Wednesday, July 8, 2015

I'm Ticked Off

Hey, now this isn't fair.  This entire summer, the tick-averse Mrs. ProfessorRoush has been forcing me to disrobe in the laundry room immediately upon entering the back door and to submit to a humiliating tick check which involves minute inspection of every inch of my tender pink skin.  While that might sound like the start of a fun afternoon to some of you, you can trust me when I say that the only intimate contact it initiates is her scratching at every suspicious skin blemish to assure that some creepy little legs don't appear at the edges.  On most occasions, satisfied that I'm not harboring a pregnant momma tick which could birth-start a tick Armageddon in the house, she banishes me immediately to the shower, merely bleeding from a few overzealous scratch marks, while she lifts my clothes with a stick and washes them in scalding water.

On two previous occasions Mrs. ProfessorRoush did find and remove ticks, justifying her careful diligence.  There were also two other instances when I found and removed small ticks on my own due to her understandable but unconscionable unwillingness to diligently examine certain skin expanses.  The past few weeks, however, I had returned tickless and we had dropped our guard, sure that tick season was over.  Heck, I had even scabbed over the previous tick-created welts that I received from each bite.  I seem to have developed a type II sensitivity to tick bites this year and I form a nice hive at each bite, even when the tick hasn't been attached long.

Today, when I was driven in from a good day of gardening by the July heat, I noticed that my shoulder was itching and, in the mirror on the way to the shower, saw a small speck in the center of a red circle that appeared different from my normal freckles.  Primarily, it looked different because it was RAISED.

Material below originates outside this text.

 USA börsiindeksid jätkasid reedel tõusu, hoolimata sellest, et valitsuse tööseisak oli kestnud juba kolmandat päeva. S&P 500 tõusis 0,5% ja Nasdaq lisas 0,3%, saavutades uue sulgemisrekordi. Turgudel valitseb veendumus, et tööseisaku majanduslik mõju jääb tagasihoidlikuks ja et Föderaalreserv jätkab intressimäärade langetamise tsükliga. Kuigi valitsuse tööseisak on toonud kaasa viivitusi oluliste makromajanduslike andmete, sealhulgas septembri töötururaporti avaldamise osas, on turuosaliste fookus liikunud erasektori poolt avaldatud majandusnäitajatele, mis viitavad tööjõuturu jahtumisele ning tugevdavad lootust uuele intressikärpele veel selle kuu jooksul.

There were a few lost moments of reaction while Mrs. ProfessorRoush located her reading glasses.  I've found that older wives are constantly wearing the wrong glasses for the activity at hand and I would estimate that they spend approximately 25% of their lives looking for the alternate pair.   Once she could see the speck closer, she still wasn't sure that it was a tick.  She and I were both willing, however, to play it safe and have her grab this possible part of me with the tweezers and rip it off.  I braced myself for the fear that my farsighted wife would pluck a piece of ProfessorRoush rather than an invasive arachnid, but the "speck" was removed without any trauma other than a raised heart rate and some minor palpitations.  Under a magnifying glass that I've had since I was a child (a side benefit of living a long life interested in the sciences) we discovered that it was, in fact, a tick, the same minuscule invader pictured above one a paper towel next to a 22 gauge hypodermic needle.

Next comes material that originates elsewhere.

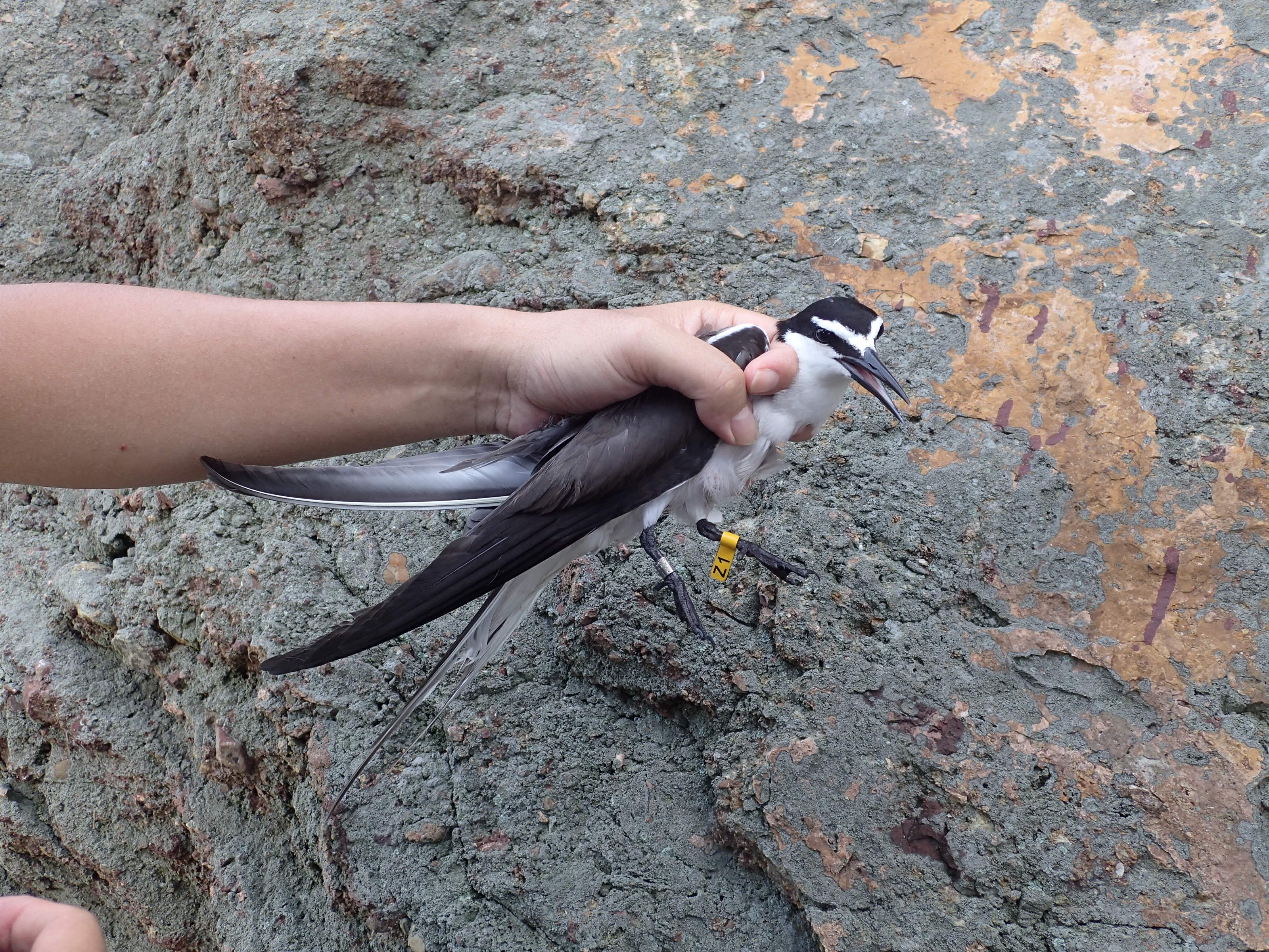 The Hong Kong Bird Watching Society (HKBWS) has started a conservation research on breeding terns in Hong Kong waters. In summer 2019, a total of 110 adult and juvenile Bridled Terns Onychoprion anaethetuswere trapped for marking with rings and colour flags (white and yellow engraved flags), including two of them fitted with satellite-tracking transmitters. Marking the terns can shed light of some valuable ecological information such as local movements, home range of breeding terns, long-distance migration and longevity. Migration routes and wintering grounds of the Hong Kong breeding terns are still unknown.

There are, it seems, Darwinistic advantages to having a little tick hypersensitivity, even though this episode will likely initiate another series of strip tease inspections by the missus.  If I hadn't started itching, this little guy could have feasted for a few days on my fair skin.  Instead, thankfully, he was encased in this paper towel and flushed down where the sun doesn't shine.  Tough luck, buddy.

1 comment:

  1. I have also been thankful for the allergic reaction to a tick bite, just like you. Itches like a son-of-a-gun for days afterward, but reliably warns of the presence of an overlooked tick. I'm not the squeamish type, but ticks give me the willies ... happy to pop off their heads and flush their remains whenever I encounter them. There are days when I have wondered what the human-sized dose of Frontline would be.